→ Task to complete
What is wanted is every line below from the one with "Ilustración que mezcla" up to and including the one with "Giants should feel", retyped exactly, pictures excluded, nothing else.

→ Material for this task
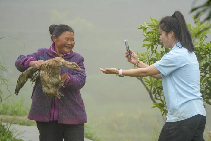 2025年4月24日,在重庆市綦江区三角镇中坝村,短视频内容创作者庞芳(右)拍摄短视频。新华社发(李晓果 摄)
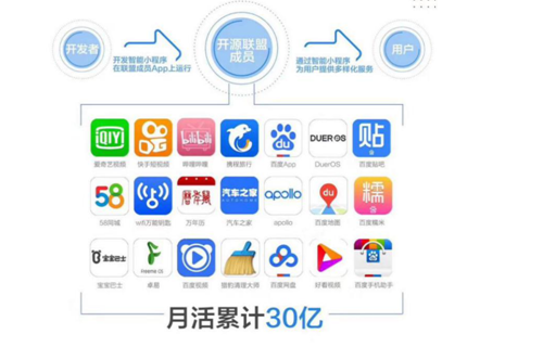 从百度透露的“40+入口”、“1.5+亿日活”两个数据可以看出百度的巨大流量,百度贴吧、百度地图、好看视频等都将全面拥抱智能小程序。同时百度也一直拓展更多外部流量。据不完全统计,开源联盟中百度系App及其联盟伙伴的App月活用户在不去重的情况下达到30亿规模。
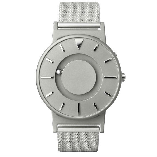 Since the Bradley doesn’t require sight to tell time, we call it a timepiece instead of a watch. But it’s not just functional; it’s also fashionable. The Bradley is made of solid titanium and runs on a Swiss quartz movement. Instead of traditional watch hands, time is indicated by two ball bearings – one indicating minutes (top), and one indicating hours (side).
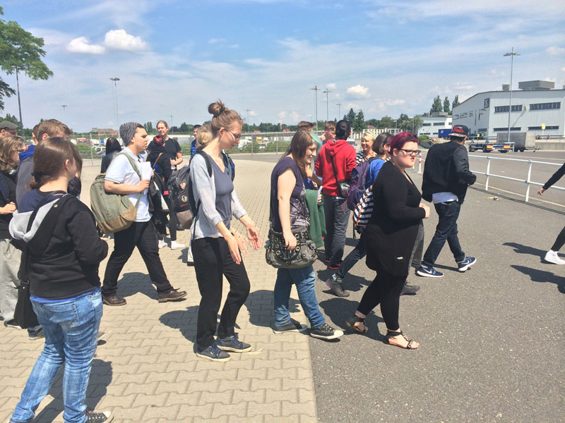 Voller Vorfreude auf Spiel, Spaß und Spannung machten wir uns auf den Weg zur Jugendmesse . Wir erwarteten ein abwechslungsreiches Programm aus Musik, sportlichen Aktivitäten und Informationen zu Ausbildungsberufen. In der Ausbildungshalle konnte man sich an verschiedenen Ständen über Ausbildungen informieren, der Radiosender NRJ hatte verschiedene Gäste eingeladen und hat die do's und dont'ts eines Vorstellungsgespräches vorgeführt.Alle Teilnehmer hatten einen Arbeitsauftrag zum Thema Ausbildung, den es in Kleingruppen zu erledigen galt. Da die Arbeitsaufträge schnell erledigt waren, zog es uns gleich in die umliegenden Hallen, wo es eine Karaoke-Bühne, eine Kartbahn, Verkaufsstände und Infostände der Bundeswehr, Feuerwehr und der Verkehrswacht gab. Der beliebtest Stand war wohl der der Verkehrswacht: einmal in einem sich überschlagenden Auto sitzen ohne Blessuren davon zu tragen. Sinn der Übung war es zu lernen wie man sich in einem solchen Fall verhält.Das übrige Angebot war schnell abgehakt: Live-Musik gab es keine, die Kartbahn konnte man nur nach Voranmeldung benutzen und alles Übrige setzte volle Taschen voraus... Wir zogen bester Laune, aber etwas enttäuscht von dannen.Fotos vom Messebesuch:
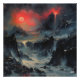 Ilustración que mezcla impresionismo y surrealismo, mostrando un paisaje cósmico con un planeta envuelto en llamas, mares turbulentos y formaciones rocosas que emergen del océano en un caos de fuego y piedra. Perfecto para los amantes del arte fantástico y del cosmos.
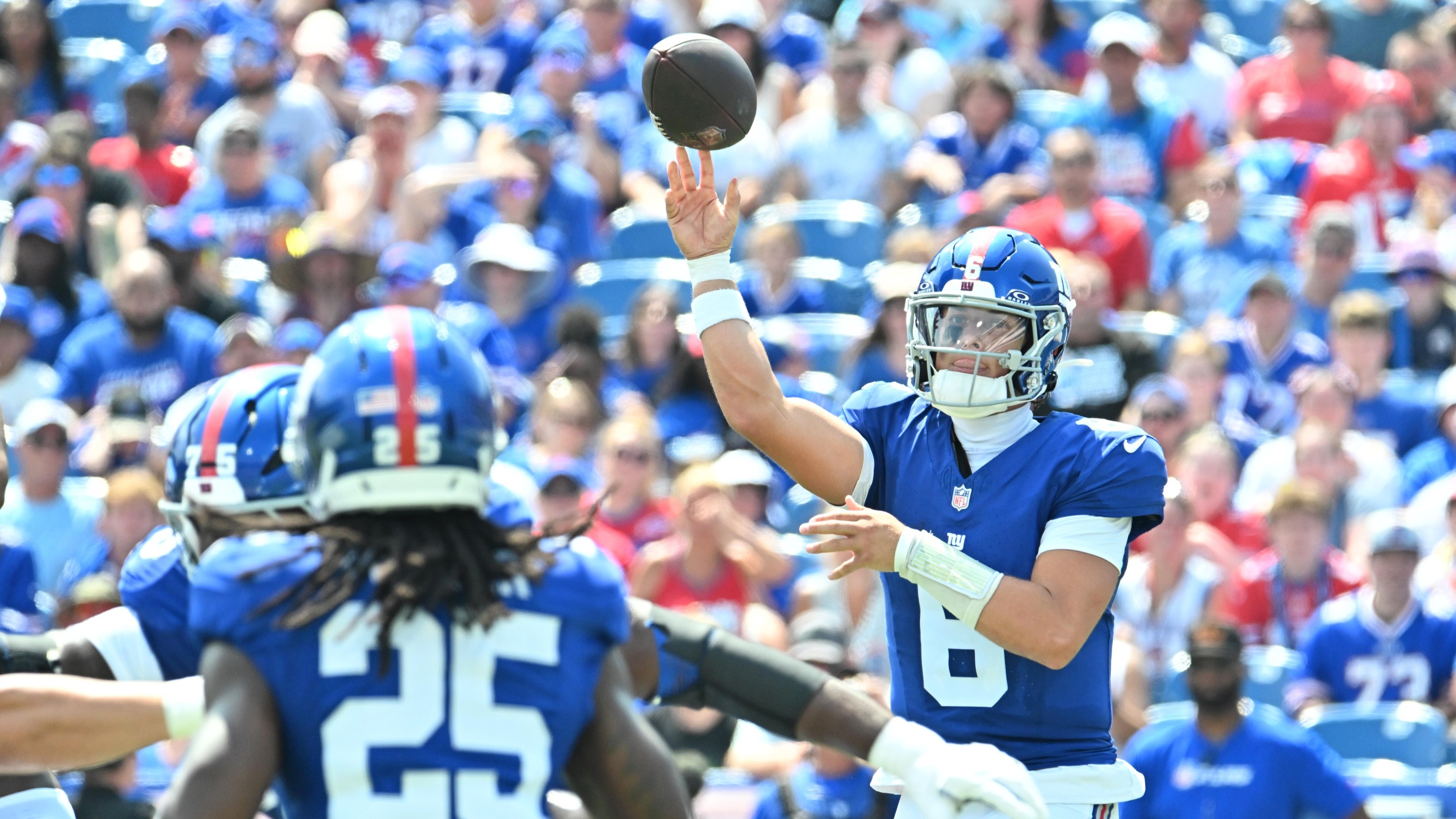 Giants should feel hopeful after Jaxson Dart's impressive NFL debut, even if it's a preseason gameDart finished 12-of-19 for 154 yards, a touchdown and a 106 QBR8/9/2025, 10:30 PMConnor HughesNFL InsiderAug 9, 2025; Orchard Park, New York, USA; New York Giants quarterback Jaxson Dart (6) throws a pass to running back Dante Miller (25) in the second quarter game against the Buffalo Bills at Highmark Stadium. / Mark Konezny-Imagn Images
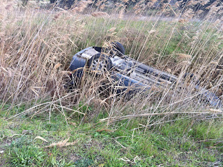 Due i veicoli coinvolti, uno dei quali è finito fuori strada, ribaltandosi in una cunetta.
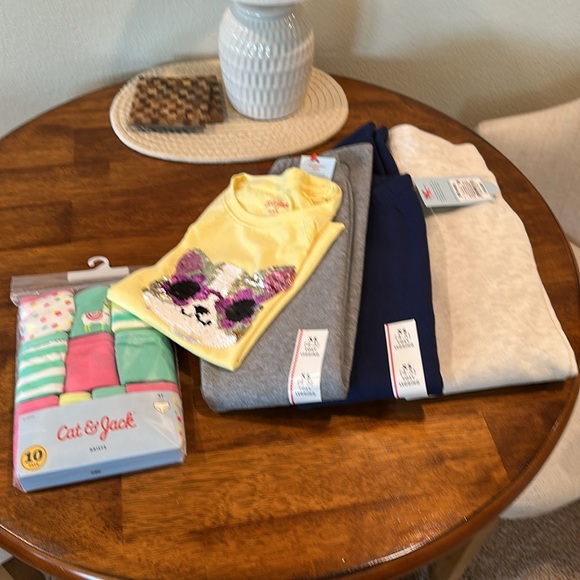 NWT Cat & Jack bundle. Includes two pairs of cozy leggings, one pair of joggers, a unopened pack of 4T underwear and one T-shirt. All size XS 4-5. All four items unworn, bought for my granddaughter, but she grew out of them before she got to wear them at my house. Bundle and save with other items from my closet, same day shipping. 💨📦

→ Response box
 Ilustración que mezcla impresionismo y surrealismo, mostrando un paisaje cósmico con un planeta envuelto en llamas, mares turbulentos y formaciones rocosas que emergen del océano en un caos de fuego y piedra. Perfecto para los amantes del arte fantástico y del cosmos.
 Giants should feel hopeful after Jaxson Dart's impressive NFL debut, even if it's a preseason gameDart finished 12-of-19 for 154 yards, a touchdown and a 106 QBR8/9/2025, 10:30 PMConnor HughesNFL InsiderAug 9, 2025; Orchard Park, New York, USA; New York Giants quarterback Jaxson Dart (6) throws a pass to running back Dante Miller (25) in the second quarter game against the Buffalo Bills at Highmark Stadium. / Mark Konezny-Imagn Images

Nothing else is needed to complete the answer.